> _PROBLEM REQUIREMENTS_: Give the lines again exactly as they appear below, from the line with "STEUBEN CUT BACK" to the line with "As a rule, I", both included, and only those lines. Leave every picture out.

> _INFORMATION SUPPLIED_:
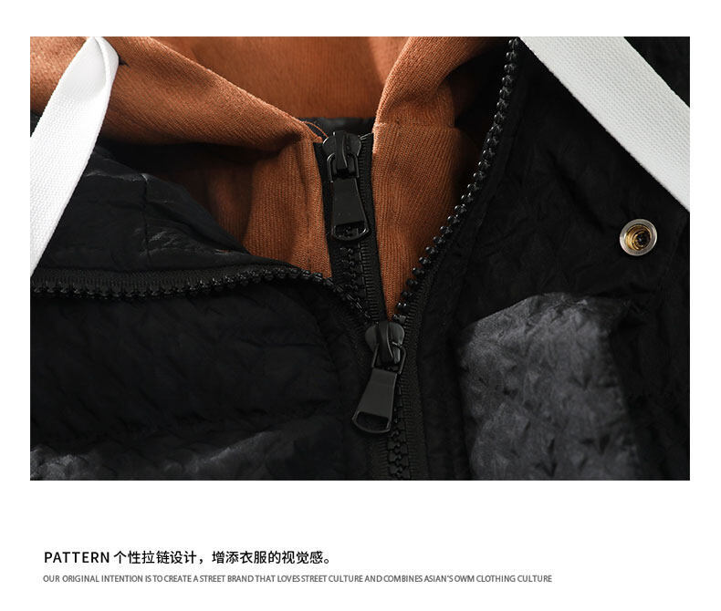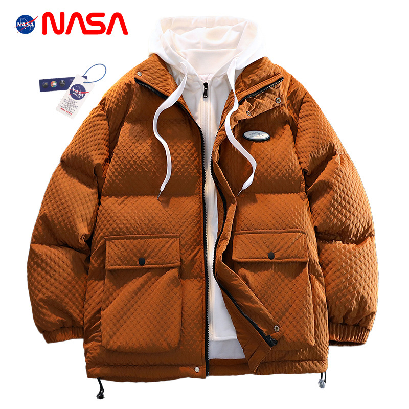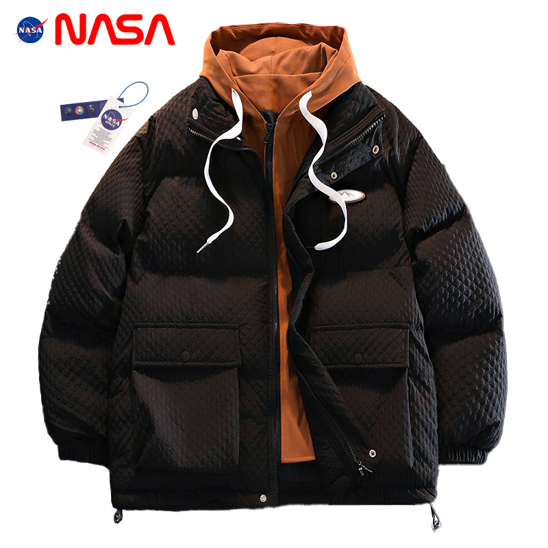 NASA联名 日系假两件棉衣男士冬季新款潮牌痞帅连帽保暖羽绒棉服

...

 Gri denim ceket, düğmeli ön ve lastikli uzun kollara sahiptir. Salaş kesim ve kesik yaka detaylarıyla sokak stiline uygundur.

...

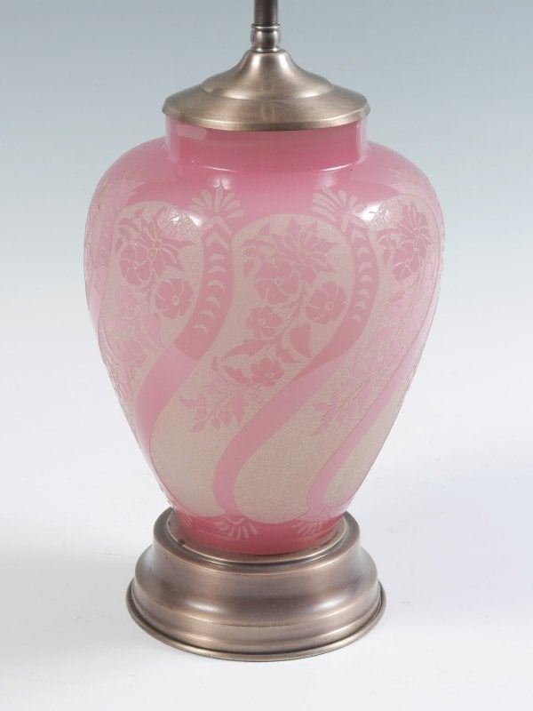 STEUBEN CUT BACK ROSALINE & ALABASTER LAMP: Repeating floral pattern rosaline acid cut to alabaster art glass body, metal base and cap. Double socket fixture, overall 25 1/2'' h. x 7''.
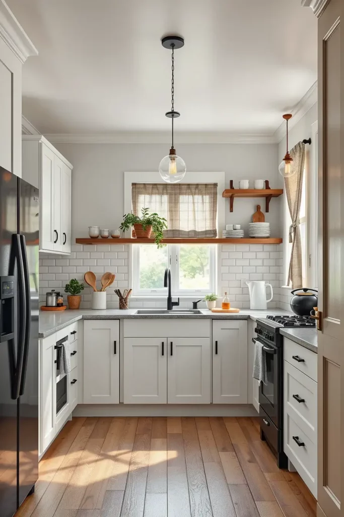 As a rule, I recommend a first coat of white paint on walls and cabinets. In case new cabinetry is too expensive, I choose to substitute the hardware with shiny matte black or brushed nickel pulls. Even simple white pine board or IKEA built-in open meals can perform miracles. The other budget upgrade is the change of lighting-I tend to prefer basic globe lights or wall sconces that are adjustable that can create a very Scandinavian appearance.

> _OUTPUT OF THE TASK_:
 STEUBEN CUT BACK ROSALINE & ALABASTER LAMP: Repeating floral pattern rosaline acid cut to alabaster art glass body, metal base and cap. Double socket fixture, overall 25 1/2'' h. x 7''.
 As a rule, I recommend a first coat of white paint on walls and cabinets. In case new cabinetry is too expensive, I choose to substitute the hardware with shiny matte black or brushed nickel pulls. Even simple white pine board or IKEA built-in open meals can perform miracles. The other budget upgrade is the change of lighting-I tend to prefer basic globe lights or wall sconces that are adjustable that can create a very Scandinavian appearance.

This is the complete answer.